Raisin Bread
Homemade Raisin Bread: Kid-Approved and Nutrient-Rich!
I'm excited to share a delightful homemade treat that will have your kids begging for more - my Healthy Raisin Bread!
I've given it a nourishing overhaul with wholemeal spelt flour, ensuring those grains are packed with goodness. Eggs, nature's protein-packed gift, adding that soft, fluffy texture. Unsweetened apple sauce - a secret ingredient for natural sweetness and moisture. Honey - a touch of liquid gold to elevate the flavour. Raisins - for that burst of natural sweetness and chewy goodness. And a pinch of cinnamon - for that cozy, comforting aroma! It's a win-win for both taste and nutrition!
DIETARY: VEG, NF
ALLERGENS: Wheat, Dairy, Eggs
AGE GROUP: 12 months+
SERVES: 24
PREP: 10 mins
COOK: 40-45 mins
INGREDIENTS:
1 ½ cups (210g) wholemeal spelt flour
2 tsp (5g) ground cinnamon
1 tsp (4g) baking powder
¼ tsp (1g) baking soda
Pinch sea salt
2 large eggs
1 cup (140g) apple sauce
1/3 cup (100g) honey
1/3 cup (65g) unsalted butter, melted
1 tsp (5ml) vanilla extract
1 cup (160g) raisins
METHOD:
Preheat oven to 180°C. Grease and line a loaf tin (base measurement 11cm x 21cm) with baking paper.
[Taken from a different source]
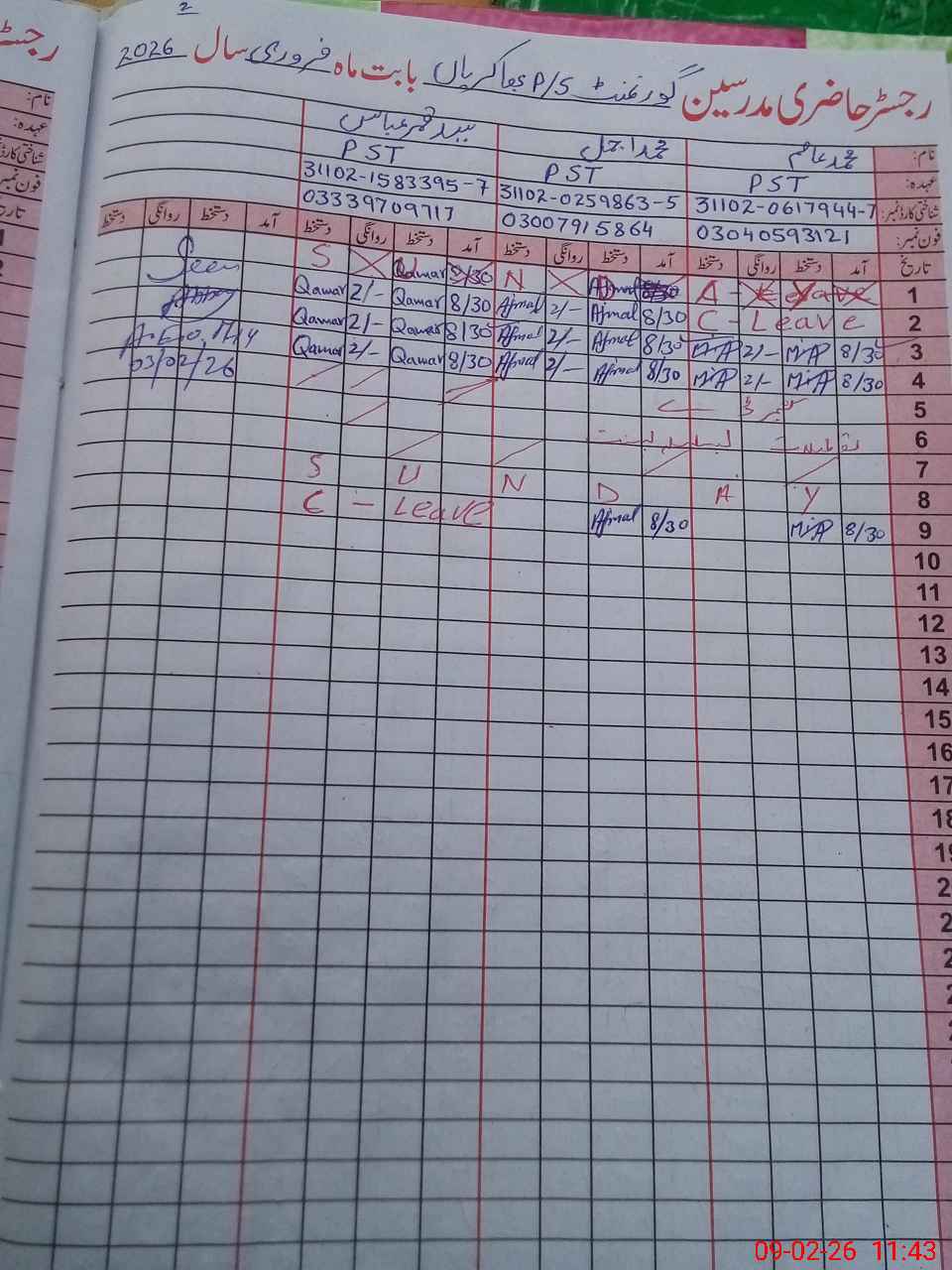 | 31**** | Sy**** Qa**** Ab**** | PST Science/Maths | Regular | 6 | 0 | 0 | 0 | 0 | 0 | 0 | 0 | 6 | Casual |

Place all ingredients into a large bowl and mix to combine.
Add wet ingredients and gently mix to combine.
Gently fold in raisins and pour batter into prepared loaf tin.
Bake in oven for 40-45 mins or until a cake tester comes out clean.
Allow to cool in tin before slicing.
STORING LEFTOVERS:
Store in an airtight container in the fridge for up to 10 days or freeze for up to 4 months.
TIPS:
Allergies:
For a gluten-free version: Swap wholemeal spelt flour for brown rice flour or a gluten-free flour blend of choice.
For an egg-free version: Swap egg for a store-bought egg replacer or use a flax egg (1 egg = 1 tbsp flaxseed meal + 3 tbsp water) or chia egg (1 egg = 1 tbsp chia seed meal + 3 tbsp water).
Easy ingredient swaps:
Swap pumpkin for steamed sweet potato.
Swap raisins for sultanas or dried fruit of choice.
Swap maple syrup for honey.
Additional boosters:
Add 1-2 tbsp of chia seeds to the batter before baking.
Baby-friendly version:
Leave out maple syrup. Serve mashed or cut into finger food-sized pieces.